Write out, word for word, each line from the start of the entries through the one holding "Перевозки груза и"; omit the pictures.
--- Source material ---
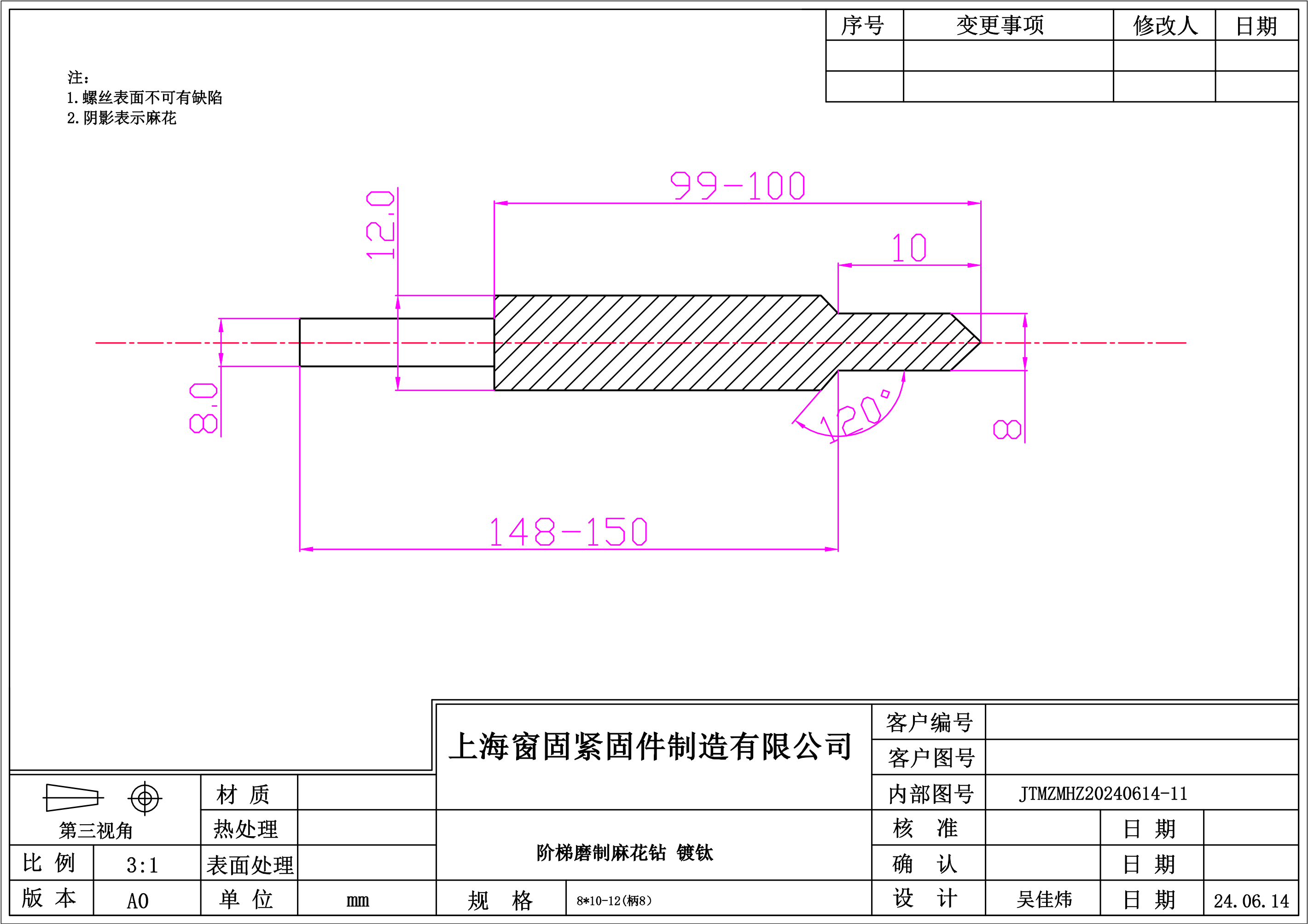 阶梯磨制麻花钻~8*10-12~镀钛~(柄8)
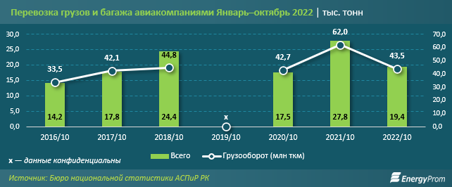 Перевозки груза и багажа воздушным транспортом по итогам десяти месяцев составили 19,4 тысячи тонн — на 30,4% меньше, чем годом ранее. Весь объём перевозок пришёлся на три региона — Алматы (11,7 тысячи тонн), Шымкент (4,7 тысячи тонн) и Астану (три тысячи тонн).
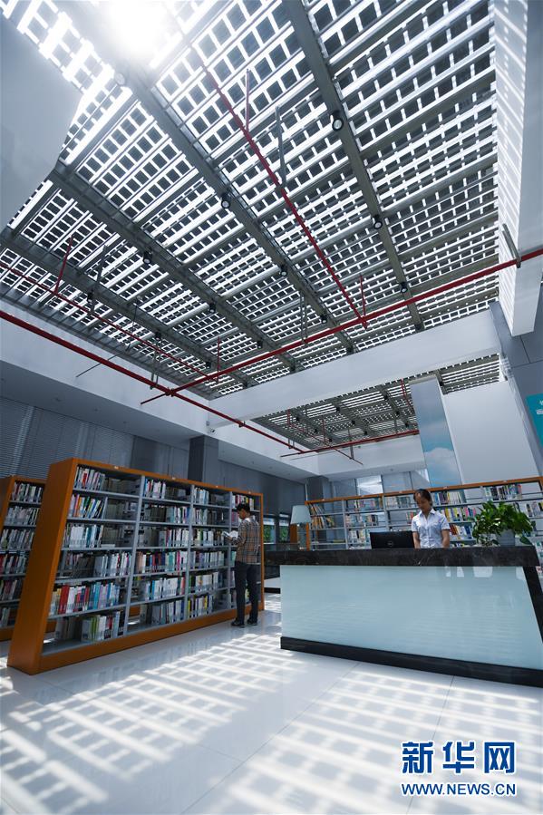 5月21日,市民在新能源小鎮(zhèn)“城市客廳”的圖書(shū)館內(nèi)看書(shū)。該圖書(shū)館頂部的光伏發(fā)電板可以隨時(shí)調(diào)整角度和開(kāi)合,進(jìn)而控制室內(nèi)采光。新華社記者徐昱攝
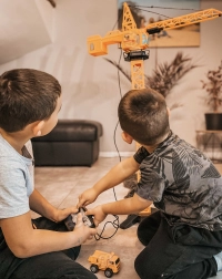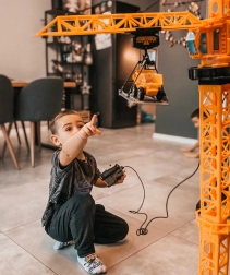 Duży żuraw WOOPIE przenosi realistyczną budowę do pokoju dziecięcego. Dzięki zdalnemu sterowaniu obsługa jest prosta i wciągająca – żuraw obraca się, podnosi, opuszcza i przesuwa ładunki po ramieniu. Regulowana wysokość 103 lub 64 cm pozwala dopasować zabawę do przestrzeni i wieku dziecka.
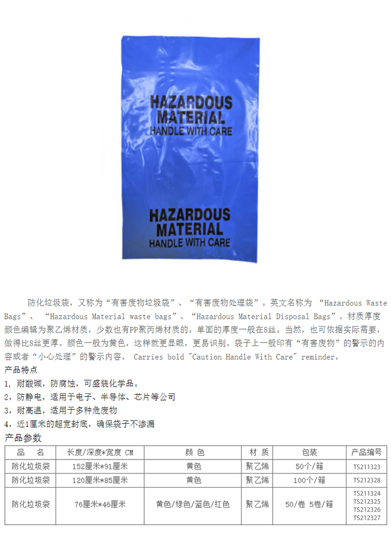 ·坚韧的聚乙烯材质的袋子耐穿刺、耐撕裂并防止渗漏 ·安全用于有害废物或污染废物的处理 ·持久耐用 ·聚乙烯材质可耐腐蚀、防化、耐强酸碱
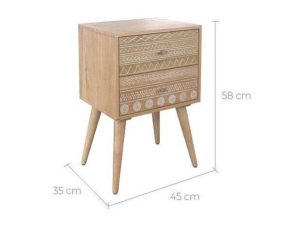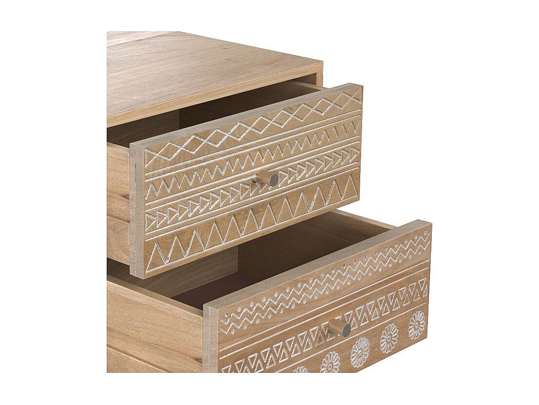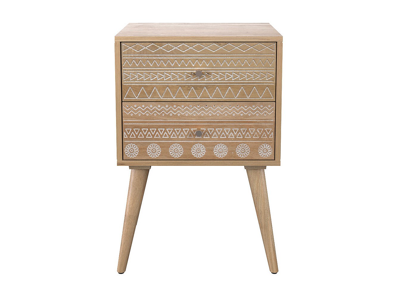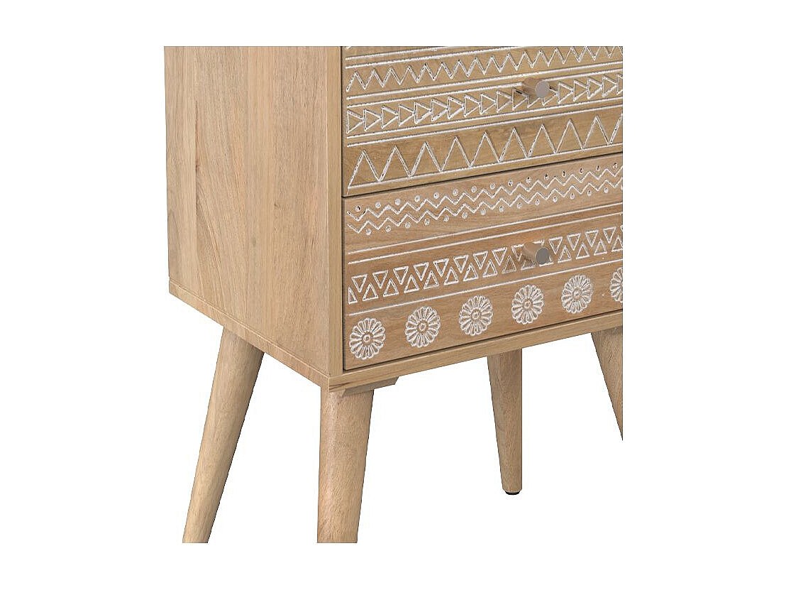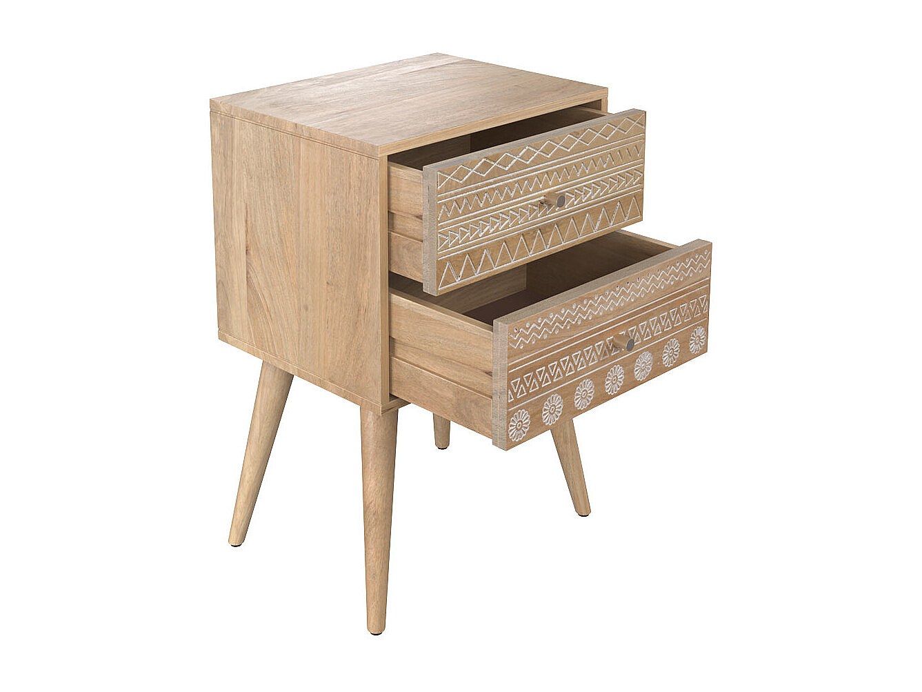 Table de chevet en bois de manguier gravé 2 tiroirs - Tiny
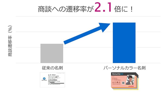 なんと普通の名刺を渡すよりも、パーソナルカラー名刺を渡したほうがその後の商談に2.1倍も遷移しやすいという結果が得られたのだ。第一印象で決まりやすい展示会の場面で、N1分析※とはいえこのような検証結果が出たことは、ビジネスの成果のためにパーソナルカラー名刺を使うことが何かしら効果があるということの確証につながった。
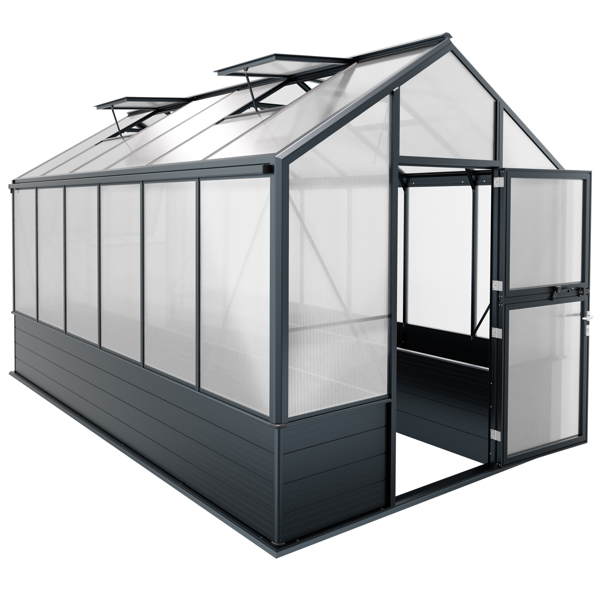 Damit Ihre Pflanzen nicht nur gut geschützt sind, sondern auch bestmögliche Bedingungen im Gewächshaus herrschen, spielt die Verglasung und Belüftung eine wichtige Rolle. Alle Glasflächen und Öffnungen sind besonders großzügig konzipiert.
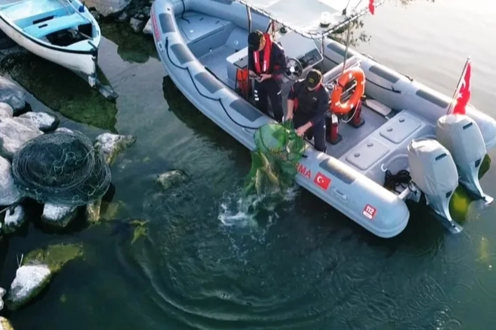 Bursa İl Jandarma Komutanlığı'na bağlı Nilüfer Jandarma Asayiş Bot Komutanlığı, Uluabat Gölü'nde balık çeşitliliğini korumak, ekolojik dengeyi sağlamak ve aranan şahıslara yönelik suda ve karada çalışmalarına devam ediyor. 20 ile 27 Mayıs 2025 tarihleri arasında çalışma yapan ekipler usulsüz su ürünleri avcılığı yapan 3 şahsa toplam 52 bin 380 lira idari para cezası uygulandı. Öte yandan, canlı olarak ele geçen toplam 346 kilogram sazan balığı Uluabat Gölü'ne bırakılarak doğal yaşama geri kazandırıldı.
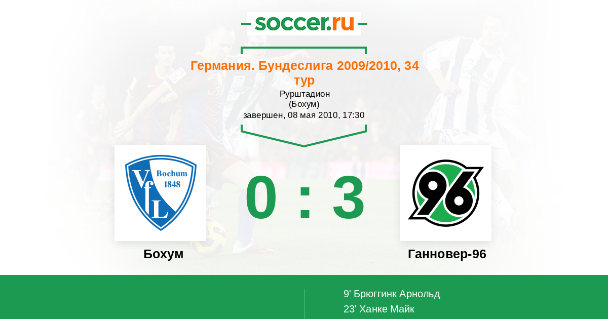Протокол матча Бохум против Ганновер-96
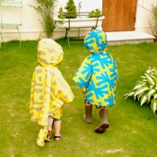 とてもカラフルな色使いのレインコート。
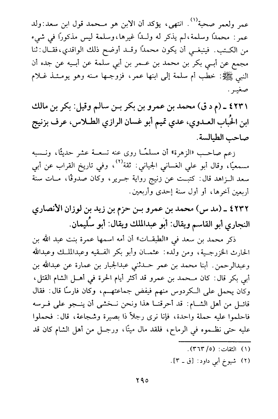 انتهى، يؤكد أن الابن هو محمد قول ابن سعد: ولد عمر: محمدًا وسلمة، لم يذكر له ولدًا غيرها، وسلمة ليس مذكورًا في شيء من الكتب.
---
■ Result of the exercise:
 阶梯磨制麻花钻~8*10-12~镀钛~(柄8)
 Перевозки груза и багажа воздушным транспортом по итогам десяти месяцев составили 19,4 тысячи тонн — на 30,4% меньше, чем годом ранее. Весь объём перевозок пришёлся на три региона — Алматы (11,7 тысячи тонн), Шымкент (4,7 тысячи тонн) и Астану (три тысячи тонн).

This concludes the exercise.